Erik: Absolutely. This comes through loud and clear within the data and with the clients that we work with every day. There are major, major challenges here relative to the labor market and labor expenses. Let’s talk through a few of these. So first, just to lay out some facts, and then I’ll add some context around this, when we look at an indicator which is FTEs per average occupied bed, this gives us a sense of how many hours are going into taking care of a patient or a patient day, if you will. And when we look at these, what we notice is that the FTEs per AOB decreased on a month-over-month basis by 1% and relative to pre-pandemic levels are down by 3.2%. This is really important because what this tells us is that there are less hours going into patient care, if you will, being workedF What this indicates is a few things, one– and what may be driving this is a few things. So the first is that there may be some component of this that’s driven by staff and employees themselves becoming sick and needing to leave. So we see some decreases there. And further, we know that the increase in contract labor and some of the rates at which nurses will be paid if they choose to become travel nurses is also leading to some of that shortage. Additionally, when we look at the rates or the actual expenses going in– so I just mentioned to you that the number of hours, the FTEs, are actually down. But when we look at labor expenses, those are up quite significantly.
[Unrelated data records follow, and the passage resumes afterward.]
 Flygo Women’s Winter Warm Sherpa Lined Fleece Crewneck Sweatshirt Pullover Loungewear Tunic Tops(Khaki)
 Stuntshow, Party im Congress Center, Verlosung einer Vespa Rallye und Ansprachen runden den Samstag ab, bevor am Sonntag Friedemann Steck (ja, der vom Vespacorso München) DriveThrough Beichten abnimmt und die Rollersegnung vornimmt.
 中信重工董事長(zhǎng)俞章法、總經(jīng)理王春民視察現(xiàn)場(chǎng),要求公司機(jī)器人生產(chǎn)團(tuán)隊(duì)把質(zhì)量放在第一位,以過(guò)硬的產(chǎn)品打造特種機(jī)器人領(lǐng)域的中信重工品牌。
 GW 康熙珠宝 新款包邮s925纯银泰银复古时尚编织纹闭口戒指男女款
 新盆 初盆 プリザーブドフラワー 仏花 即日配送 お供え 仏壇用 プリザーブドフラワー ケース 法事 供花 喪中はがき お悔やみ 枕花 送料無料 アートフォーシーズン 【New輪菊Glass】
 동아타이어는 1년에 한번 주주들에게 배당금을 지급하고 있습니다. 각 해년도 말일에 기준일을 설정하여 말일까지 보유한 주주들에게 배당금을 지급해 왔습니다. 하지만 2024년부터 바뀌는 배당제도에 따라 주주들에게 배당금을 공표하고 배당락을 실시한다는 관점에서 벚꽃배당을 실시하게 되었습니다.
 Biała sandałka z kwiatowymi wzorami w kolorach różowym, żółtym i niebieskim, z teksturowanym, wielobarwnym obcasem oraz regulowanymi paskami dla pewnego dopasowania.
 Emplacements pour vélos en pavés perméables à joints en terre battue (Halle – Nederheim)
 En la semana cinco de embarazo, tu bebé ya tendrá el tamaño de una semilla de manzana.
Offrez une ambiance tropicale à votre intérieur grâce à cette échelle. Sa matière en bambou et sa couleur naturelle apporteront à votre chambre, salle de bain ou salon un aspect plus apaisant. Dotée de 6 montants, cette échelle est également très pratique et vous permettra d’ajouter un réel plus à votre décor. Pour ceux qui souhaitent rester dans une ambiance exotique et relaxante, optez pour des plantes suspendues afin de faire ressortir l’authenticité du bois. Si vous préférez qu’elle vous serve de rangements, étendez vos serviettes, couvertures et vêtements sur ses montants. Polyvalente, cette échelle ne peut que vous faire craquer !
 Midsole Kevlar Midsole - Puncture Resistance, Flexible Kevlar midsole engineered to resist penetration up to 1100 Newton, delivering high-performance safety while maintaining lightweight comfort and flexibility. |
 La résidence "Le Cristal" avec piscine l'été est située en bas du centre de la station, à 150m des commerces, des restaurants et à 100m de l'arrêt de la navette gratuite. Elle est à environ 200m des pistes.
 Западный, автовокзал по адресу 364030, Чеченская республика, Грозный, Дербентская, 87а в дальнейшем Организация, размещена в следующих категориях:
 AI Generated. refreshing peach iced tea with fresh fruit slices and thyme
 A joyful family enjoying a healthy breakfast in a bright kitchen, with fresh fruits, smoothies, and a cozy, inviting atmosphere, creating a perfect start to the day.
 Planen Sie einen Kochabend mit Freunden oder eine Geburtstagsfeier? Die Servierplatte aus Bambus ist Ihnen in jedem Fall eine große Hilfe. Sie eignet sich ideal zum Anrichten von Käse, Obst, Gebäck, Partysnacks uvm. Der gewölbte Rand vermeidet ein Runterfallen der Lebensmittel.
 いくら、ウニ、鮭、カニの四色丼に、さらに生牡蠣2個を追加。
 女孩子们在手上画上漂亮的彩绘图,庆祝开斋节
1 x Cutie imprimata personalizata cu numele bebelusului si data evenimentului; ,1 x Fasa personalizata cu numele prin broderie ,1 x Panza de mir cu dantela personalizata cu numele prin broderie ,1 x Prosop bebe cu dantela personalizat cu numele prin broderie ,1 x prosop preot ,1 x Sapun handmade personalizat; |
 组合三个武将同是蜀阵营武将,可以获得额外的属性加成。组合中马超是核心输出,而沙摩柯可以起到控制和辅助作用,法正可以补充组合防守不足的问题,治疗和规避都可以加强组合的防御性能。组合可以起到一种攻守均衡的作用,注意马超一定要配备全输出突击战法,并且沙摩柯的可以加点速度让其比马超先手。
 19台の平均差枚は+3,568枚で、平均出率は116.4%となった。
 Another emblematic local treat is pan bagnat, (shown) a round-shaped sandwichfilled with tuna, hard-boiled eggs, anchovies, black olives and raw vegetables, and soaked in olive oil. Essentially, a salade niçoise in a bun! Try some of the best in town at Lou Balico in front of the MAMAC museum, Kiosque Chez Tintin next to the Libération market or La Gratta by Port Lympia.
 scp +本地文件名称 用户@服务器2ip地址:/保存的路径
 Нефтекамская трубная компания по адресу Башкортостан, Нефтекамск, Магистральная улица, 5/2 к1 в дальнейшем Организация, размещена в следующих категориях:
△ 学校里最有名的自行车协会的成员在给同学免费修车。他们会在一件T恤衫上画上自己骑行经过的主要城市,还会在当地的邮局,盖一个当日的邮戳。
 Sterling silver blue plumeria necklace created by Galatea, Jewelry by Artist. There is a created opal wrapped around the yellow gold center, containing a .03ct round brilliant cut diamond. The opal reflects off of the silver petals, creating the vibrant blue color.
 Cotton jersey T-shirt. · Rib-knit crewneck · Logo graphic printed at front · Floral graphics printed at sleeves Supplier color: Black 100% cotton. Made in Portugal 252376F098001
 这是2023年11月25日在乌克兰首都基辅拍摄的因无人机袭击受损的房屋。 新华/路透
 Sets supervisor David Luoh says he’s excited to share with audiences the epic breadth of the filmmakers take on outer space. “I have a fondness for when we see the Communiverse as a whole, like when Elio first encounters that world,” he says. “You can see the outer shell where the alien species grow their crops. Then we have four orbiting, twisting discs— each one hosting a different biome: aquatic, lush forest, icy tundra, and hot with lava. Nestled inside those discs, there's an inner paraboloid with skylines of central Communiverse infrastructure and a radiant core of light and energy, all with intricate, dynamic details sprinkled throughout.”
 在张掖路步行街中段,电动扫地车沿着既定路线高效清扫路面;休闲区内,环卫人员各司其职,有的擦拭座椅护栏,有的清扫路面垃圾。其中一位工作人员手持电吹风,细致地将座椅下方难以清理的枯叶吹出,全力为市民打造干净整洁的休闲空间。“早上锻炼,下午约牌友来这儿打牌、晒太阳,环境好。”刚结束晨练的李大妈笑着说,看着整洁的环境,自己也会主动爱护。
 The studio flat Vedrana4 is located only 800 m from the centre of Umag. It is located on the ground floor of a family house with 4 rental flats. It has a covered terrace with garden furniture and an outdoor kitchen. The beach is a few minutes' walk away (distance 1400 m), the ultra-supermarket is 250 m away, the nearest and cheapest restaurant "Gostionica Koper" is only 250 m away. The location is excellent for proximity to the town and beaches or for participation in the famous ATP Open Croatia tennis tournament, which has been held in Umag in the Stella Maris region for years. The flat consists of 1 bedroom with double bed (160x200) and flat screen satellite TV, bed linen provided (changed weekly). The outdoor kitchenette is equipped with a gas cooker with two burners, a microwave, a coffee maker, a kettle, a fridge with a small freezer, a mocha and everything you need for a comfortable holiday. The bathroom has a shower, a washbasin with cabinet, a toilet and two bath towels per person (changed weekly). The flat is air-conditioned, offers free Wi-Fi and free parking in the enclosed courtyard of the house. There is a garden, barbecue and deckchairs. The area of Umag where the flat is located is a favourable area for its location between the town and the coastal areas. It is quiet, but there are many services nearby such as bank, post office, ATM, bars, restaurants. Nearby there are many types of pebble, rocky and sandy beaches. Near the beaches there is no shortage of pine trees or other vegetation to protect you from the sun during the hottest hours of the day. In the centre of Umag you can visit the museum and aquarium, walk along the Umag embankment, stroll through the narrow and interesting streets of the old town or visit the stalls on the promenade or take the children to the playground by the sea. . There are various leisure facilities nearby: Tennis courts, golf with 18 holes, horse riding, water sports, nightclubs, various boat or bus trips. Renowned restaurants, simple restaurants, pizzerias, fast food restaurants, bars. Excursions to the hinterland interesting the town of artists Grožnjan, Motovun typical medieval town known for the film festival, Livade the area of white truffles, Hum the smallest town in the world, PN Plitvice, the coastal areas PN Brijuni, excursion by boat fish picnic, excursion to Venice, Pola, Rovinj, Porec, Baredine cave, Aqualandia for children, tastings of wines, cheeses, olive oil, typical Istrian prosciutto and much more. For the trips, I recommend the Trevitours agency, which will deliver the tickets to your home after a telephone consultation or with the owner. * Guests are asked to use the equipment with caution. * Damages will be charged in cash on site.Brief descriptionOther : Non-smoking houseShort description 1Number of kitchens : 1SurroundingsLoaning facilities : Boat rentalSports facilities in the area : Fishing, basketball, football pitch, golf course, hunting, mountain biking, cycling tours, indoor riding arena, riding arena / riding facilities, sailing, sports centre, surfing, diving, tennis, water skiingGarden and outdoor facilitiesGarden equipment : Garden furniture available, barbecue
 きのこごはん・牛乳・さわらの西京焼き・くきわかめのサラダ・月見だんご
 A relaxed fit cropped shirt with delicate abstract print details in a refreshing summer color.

And when we look at on a volume-adjusted basis, 3% increase month-over-month, labor expense per adjusted discharge, and nearly 20% increase relative to pre-pandemic levels so this would seem to indicate here that the cost of labor has risen extraordinarily high, if you will, and is posing immense challenges to many organizations through a combination of those factors that I just mentioned. When we look at areas like contract labor and agency and the rates at which [those?] occurring, we’ve noted that they have on a medium basis doubled relative to pre-pandemic levels, and in some cases tripled and gone up even more. And that depends on the needs of each organization. One example area that seems to be highlighted in our report that comes out really clear is for the West. And so when we look at the West and the labor expense [per adjusted?] discharge that the West is experiencing, it’s incredibly high. And again, this may be due to travel nursing coming into the West. We know that there are shortages, staffing shortages, in the West as well, as well as just the high cost of living with many of the areas out there is driving some of this. And so those organizations will be really challenged by these labor trends as will many others. So certainly, as we look at these challenges that the labor side of the organization, which makes up more than half of the expenses, is driving, it seems to paint a picture that is going to be very challenging for organizations on both a short-term and a longer-term basis.

Mike: Well, Erik, hopefully, we’re due for some better news soon, but certainly appreciate the deep context and information you provided here today. And there’s so much more in the report itself. If someone wanted to get a copy of that report, where can they go?

Erik: Yeah. Absolutely. So to get a copy of the report, you can navigate to KaufmanHall.com. You’ll notice a link there under Data Analysis and Tools, and from there, you can access the National Hospital Flash Report which is the report we were just speaking about today. We also produce another report called Our Physician Flash Reports which focuses on the provider side of organizations and for which we’ll have a new issue coming out later this month as well. So encourage folks who have any questions or interested in reading further, they can navigate to those areas on our web page, and then they can reach out to us, and we’d be happy to answer any questions.

Mike: Erik Swanson, thanks so much for joining us again today on the Hospital Finance Podcast.

Erik: Thank you so much for having us, Michael.